After a significant gap, we get a wealth of formations, especially in North America Cloverly, Cedar Mountain, Glen Rose, Burro Canyon, etc.  Here we see the further development hinted at in Tendaguru: carcharodontosaurs like Acrocanthosaurus, large macronarians like Sauroposeidon, iguanodont-grade ornithopods, dromeosaurs, etc.  When we start to get into slightly later South American (in order oldest to younger: La Amarga, Lohan Cura, Candeleros, Huincul, Lisandro, Portezuelo) and African faunal assemblages like Kem Kem, Erlhaz, etc., it almost doesn't look like there's a temporal discontinuity.  Macronarians further develop into titanosaurs (still of the very large variety, not the smaller saltosaur-grade types that appear much later), carcharodontosaurs are large and in charge until neoventaors start to encroach near the end of that run, abelisaurs start to pop up in South America and Africa, although they're not yet dominant.  Spinosaurs run in those regions too, although not in North America, and ornithopods continue their relentless march from primitive to iguanodon-grade to near hadrosaurs, with some bizarre experimentation with back sails, particularly in Africa.  We see the start of the split between northern Laurasian and southern Gondwanan faunas into divergent pathways as well.

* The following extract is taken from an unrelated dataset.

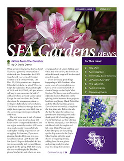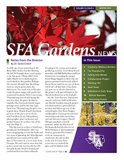 SFA Gardens publishes four newsletters per year — each corresponding with the change in season. Timely access to these newsletters is exclusive to SFA Garden members, and they are made available in our archives near the start of the new calendar year.

I'll note about that last; in many ways, it's easier to draw a line from the Jurassic aspect to the Gondwana faunas, though.  In North America, faunas with a superficially similar aspect and related animals is retained for a time until major discontinuities introduce very different animal families; tyransosaurs, ceratopsians, therizinosaurs, and more.  In Gondwana continents, the discontinuity is that carnosaurs go away, the abelisaurs that were already present in the fauna rise to claim apex predator, and the huge titanosaurs are replaced with the more derived and modestly sized saltasaurs.  Yet even that isn't as clear cut as all that, as gigantic titanosaurs appear in the latest Cretaceous of both northern Asia and North America, for instance, and somehow enough connectedness was retained all along for the iguanodon-grade ornithopods to turn into hadrosaurs across the globe.  The appearances of neovenators, dromeosaurs, and other animals as well seems to defy the regional chimney approach.